As expected, improving the relative fitness of an organism gave it a chance to overcome negative selection via drift (**Figure 4**).

The increases in *μ*_{max} corresponding to the least successful lineage having a 50% chance to become thriving, which we denote as *μ*_{50}, are represented by the dark circles in **Figure 4**. At the baseline *K*_{s} a typical *μ*_{50} is in the range of 10-30%, with the exact value affected by initial spacing and population size (*i*.*e*., crowding). Decreasing *K*_{s,} as expected, reduces *μ*_{50} – even to the point where so long as substrate uptake affinities are ‘good enough’, the initially failing organism may have excellent odds despite having a *μ*_{max} notably lower than its peers. The overall effect, for a given crowding condition, is a semi-linear ‘cliff ‘of *μ*_{50} values where *μ*_{50} changes inversely with *K*_{s}. Qualitatively speaking, the location of that ‘cliff’ was shifted to the right (higher *μ*_{50}) when crowding was increased either via initial population size.

Areas where the probability of thriving is neither 0 (drift dominated) nor 1 (fitness dominated), are, by definition, areas where drift and fitness both determine success. The widths of these areas are denoted as *spread* and are indicated by the dotted horizontal lines and crosses in **Figure 4**. The full length of the line denotes the *spread*_{95} area, which is the range of *μ*_{max} for a given *K*_{S} which corresponds to a 2.5% to 97.5% chance of thriving. The crosses represent a similar range, *spread*_{68}, which corresponds to a 16% to 85% chance of thriving.

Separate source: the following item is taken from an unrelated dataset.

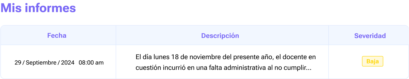 Cada empleado puede revisar sus informes, ver los comentarios de los administradores y acceder a la evidencia adjunta. Una herramienta que promueve la transparencia y facilita el seguimiento de cada caso.

Because the *μ*_{50} values are also the centre point of the *spread* regions, spread shifted in the same manner as *μ*_{50}. However, the actual magnitudes of *spread* did not necessarily follow the same patterns. First, there was no guaranteed symmetry about *K*_{s.} For example, for 9 initial organisms separated by 5 diameters, the *spread*_{95} for *K*_{s} of -30% and 30% are visibly different (**Figure 4**, row 2 column 2). Though the asymmetry varied between crowding conditions, it generally manifested as spread widening with increasing *K*_{s}. Second, there was no clear monotonic trend with spread values corresponding to crowding. A spacing of 5 diameters appeared to produce the widest spreads, *ceteris paribus*. Further, there was no clear rule determining which of the two spacing extremes would have a larger *spread*. For example, with 4 initial bacteria a spacing of 10 diameters resulted in larger spreads than in 2.5 diameters, but the opposite occurred with 16 initial bacteria.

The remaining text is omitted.